*Exercise directions:* Leave every picture out and return the rest of the listing verbatim.

*Raw data:*
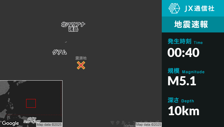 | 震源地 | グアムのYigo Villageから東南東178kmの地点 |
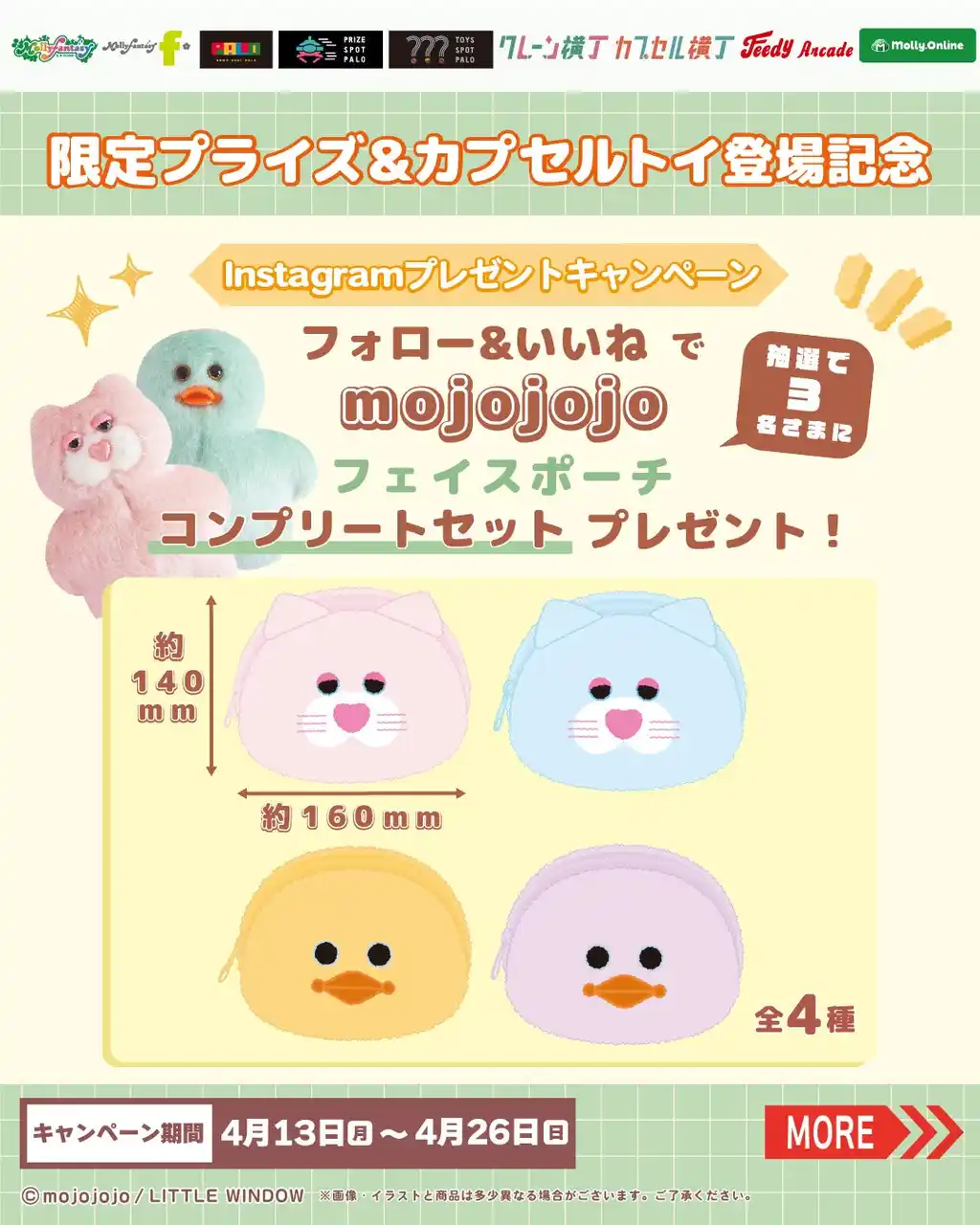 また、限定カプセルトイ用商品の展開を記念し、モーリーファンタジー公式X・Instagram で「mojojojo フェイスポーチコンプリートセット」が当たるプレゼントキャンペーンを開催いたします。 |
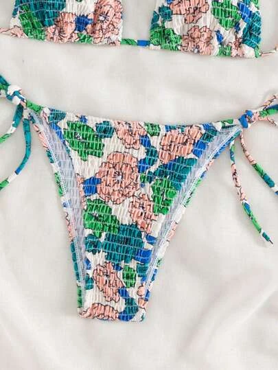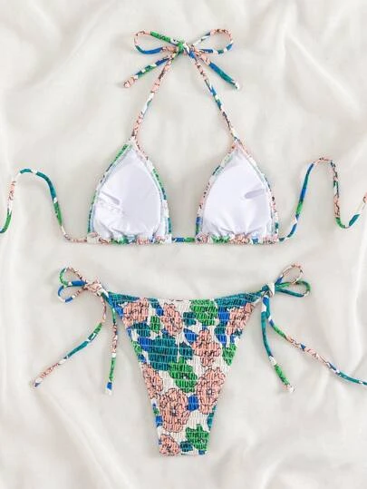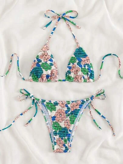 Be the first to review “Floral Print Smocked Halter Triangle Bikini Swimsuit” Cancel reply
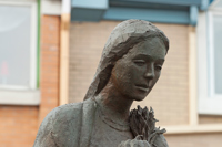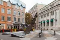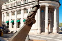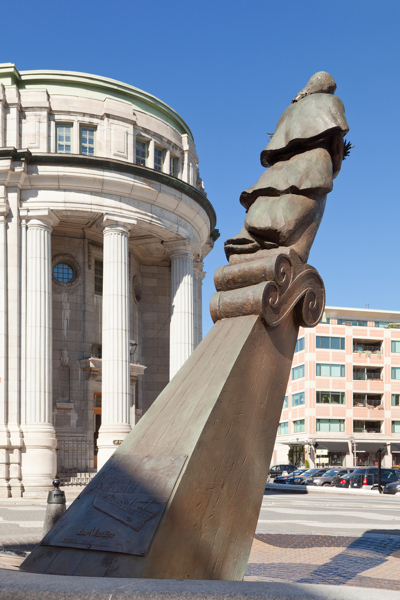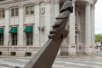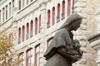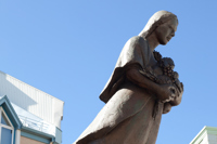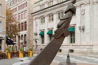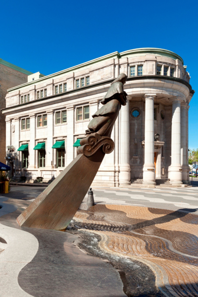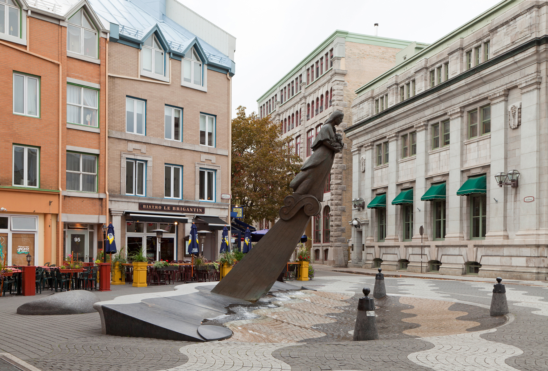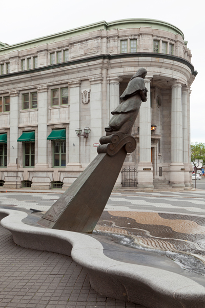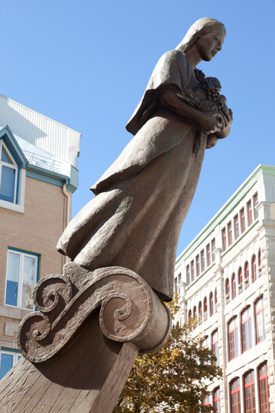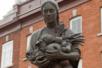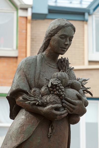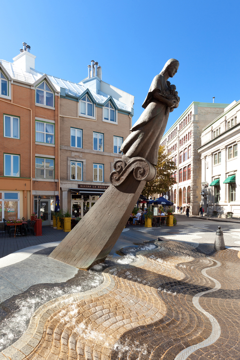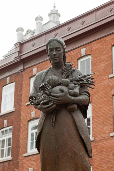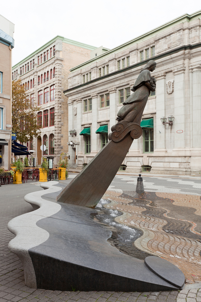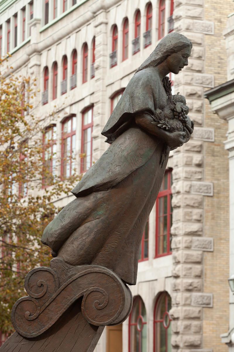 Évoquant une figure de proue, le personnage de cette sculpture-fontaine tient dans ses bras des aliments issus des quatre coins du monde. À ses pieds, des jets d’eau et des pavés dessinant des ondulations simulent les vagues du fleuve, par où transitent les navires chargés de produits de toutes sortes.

*Exercise solution:*
 | 震源地 | グアムのYigo Villageから東南東178kmの地点 |
 また、限定カプセルトイ用商品の展開を記念し、モーリーファンタジー公式X・Instagram で「mojojojo フェイスポーチコンプリートセット」が当たるプレゼントキャンペーンを開催いたします。 |
 Be the first to review “Floral Print Smocked Halter Triangle Bikini Swimsuit” Cancel reply
 Évoquant une figure de proue, le personnage de cette sculpture-fontaine tient dans ses bras des aliments issus des quatre coins du monde. À ses pieds, des jets d’eau et des pavés dessinant des ondulations simulent les vagues du fleuve, par où transitent les navires chargés de produits de toutes sortes.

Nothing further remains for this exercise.